It looks like a debate to me.


I'm more interested in hearing the viewpoints of people that have earned stripes in the audio industry rather than faceless hobbyists.  Am I alone in this?

https://imgur.com/V0iwWex
128x128fuzztone
Kaitty's system: Grado SR60 or 80 utterly mediocre headphones with the foam ear cushions removed and a Sony Walkman CD player. Right Kaitty? There might be green sharpie on the edges of the  CDs which certainly elevates this system to true High End so yeah, he knows what's what.
Since I was not invited (for good reasons as you will see) to the seminar I'll just make this post-


It should not be a debate. If you have a tube amp that 'measures poorly' yet seems to sound just fine (as has often been seen in the pages of Stereophile) and an amplifier that measures just fine and is really 'neutral' but not particularly musical then you have two amplifiers that sit at the opposite spectrum of the same problem, which is distortion and what to do about it.

In this regard with **all** amplifiers the sound of them is all about how they distort.


In this regard each has chosen a different path. On the one hand, a tube amp that 'measures poorly' is probably not running any feedback to suppress distortion, and one might want to know why not? The answer is that feedback adds distortion of its own, and what it adds is highly audible in the form of higher ordered harmonics (at low levels) and IMD. The human ear is keenly sensitive to both types!

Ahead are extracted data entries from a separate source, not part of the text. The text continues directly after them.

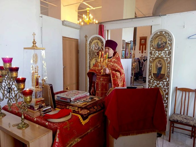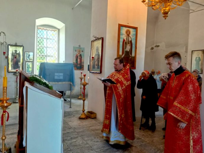 Перед Божественной литургией, которую совершил настоятель храма иерей Сергий Малютин, был совершен водосвятный молебен.
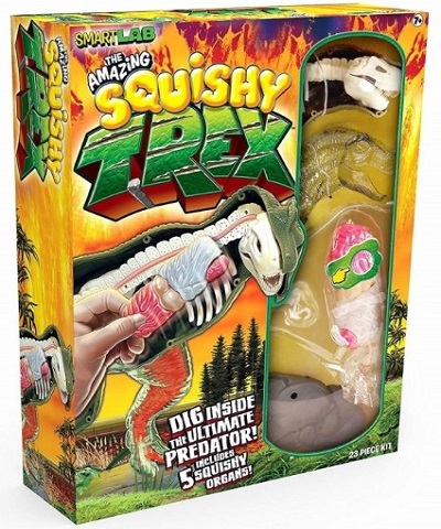 The Smart Lab the Amazing Squishy T-Rex features a 23-piece anatomically correct model of the mighty T-Rex with squishy skin and internal organs.
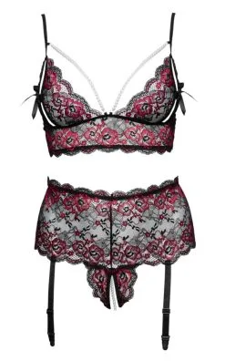 Soft-BH und Straps-Slip ouvert komplett aus weicher elastischer 2-farbiger Blütenspitze. Der BH punktet mit seinen Perlenketten im Dekolleté und seinen geschlitzten Cups, die nur von einem kleinen Schleifchen zusammengehalten werden. Die elastischen Träger sind verstellbar. Der Taillen-Slip ist in der kleinen Schrittöffnung mit einer stimulierenden Perlenkette ausgestattet. Die verstellbaren Strapse sind vom Slip abnehmbar. Die abgebildeten Strümpfe gehören nicht zum Lieferumfang und können optional erworben werden.
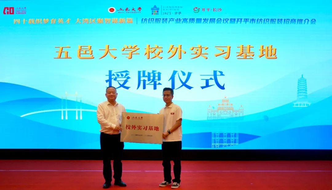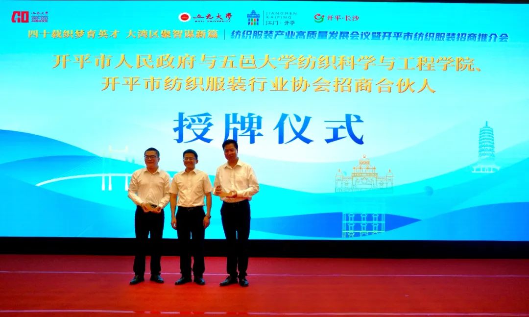 同時(shí),開(kāi)平市向五邑大學(xué)紡織科學(xué)與工程學(xué)院、開(kāi)平市紡織服裝行業(yè)協(xié)會(huì)授予“招商合伙人”牌匾,精準(zhǔn)賦能開(kāi)平紡織產(chǎn)業(yè)鏈招商;五邑大學(xué)向開(kāi)平市紅日制衣有限公司授予“五邑大學(xué)校外實(shí)習(xí)基地”牌匾,進(jìn)一步促進(jìn)人才培養(yǎng)與實(shí)踐教學(xué)的雙向融合。
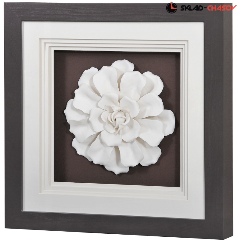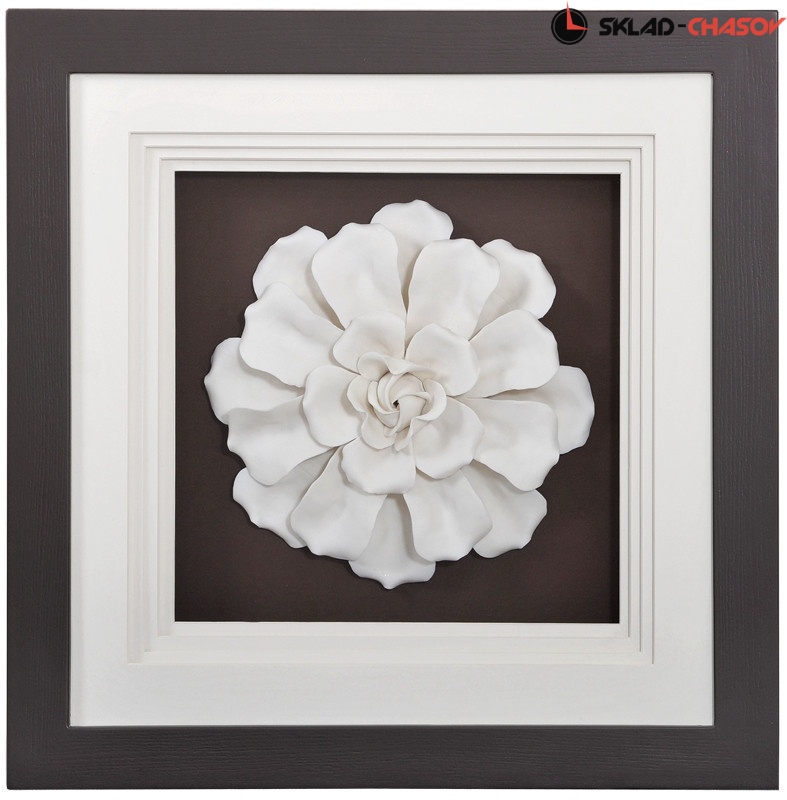 Панно керамическое "Цветок 3" в раме под стеклом. Панно в деревянной раме кофейного цвета. Высота 60 см, ширина 60 см, глубина 10 см. Артикул 38386C.

OTOH, the ear **isn't sensitive to the lower orders (2nd, 3rd and 4th), which is why that tube amp measured so poorly as it probably has much more of these in exchange for keeping the higher ordered stuff inaudible.

The solid state amp employs feedback as it has to to prevent it latching to the power supply rails (which would cause it to have a lot in common with a rock) and to allow it to be linear. So it inherently is much lower distortion, but now most of that distortion is of the form to which the ear is keenly sensitive, and comes off as brightness and harshness, since the ear converts all forms of distortion into tonality.

Again this should not be a debate! The common problem here is that neither amplifier has enough gain bandwidth product and so is a set of compromises. Tube amps, unless OTL (Output TransformerLess) usually have poor gain bandwidth product. Solid state amps usually do much better in this regard. But neither has enough- and this is what that looks like: without enough gain, you can't apply enough feedback so that the application of feedback allows the amp to correct not just for simple distortion but also the distortion caused by the application of feedback! Did you get that? Its sounds recursive because it is. Feedback can correct for itself if **enough** is applied. That value seems to be a minimum of about 35dB and 40dB is better.


But that means that the amp has to have a lot of gain so that once you blow 35dB or more away you still have enough to work with the preamp and speaker, so the open loop (no feedback) value should be at least 60dB!


Now we come to the other bit of that gain bandwidth product thing: bandwidth. Sure you can make a tube or solid state amp with that much gain, but when you run feedback around it there is an enormous possibility that it will oscillate. The reason is that when there is gain there is also phase shift caused by limited bandwidth- the more gain you add, the more the bandwidth is compromised. The phase shift can thus cause negative feedback to become positive feedback at some high frequency- and then it oscillates. A related idea in amplifier design is that of 'phase margin' which is to say that if by the application of feedback the amp oscillates, it has insufficient phase margin. OTOH phase shift causes the feedback to become positive rather than negative. 


So one way to deal with this is avoid feedback. You avoid brightness and harshness because the lower ordered harmonics mask the higher ordered harmonics. But the amp will measure poorly unless extreme steps are taken to suppress it by other means.


The other way is to stare down the gun barrels and add the feedback- now it 'measures' well but it has a brighter and harsher presentation than real life.

IOW **neither** amp is right! So this shouldn't be a debate. Instead we should be looking at the measurement standards- its obvious that since the ear is insensitive to lower ordered harmonics that they should not have the same value in the measurement as higher orders; IOW the various harmonics should be weighted. But in addition, the 2nd and 3rd in particular can mask the presence of the higher orders, so those harmonics should be in attendance in order to allow for something that sounds like music instead of electronics. But our current measurement regime takes little of that into account. In a nutshell, in this regard one of the most important aspects of human hearing (the fact that the ear senses higher ordered harmonics to gauge sound pressure) is ignored in order for the spec sheets to look 'nice'.


So this should not be a debate so much as a seminar on informing the public what is really going on. Sadly, it will probably just be a debate.
Fantastic post, Ralph (Atmasphere).  It should be a "stickie," if that were possible here.  And FWIW every word of it makes perfect sense as far as I am concerned.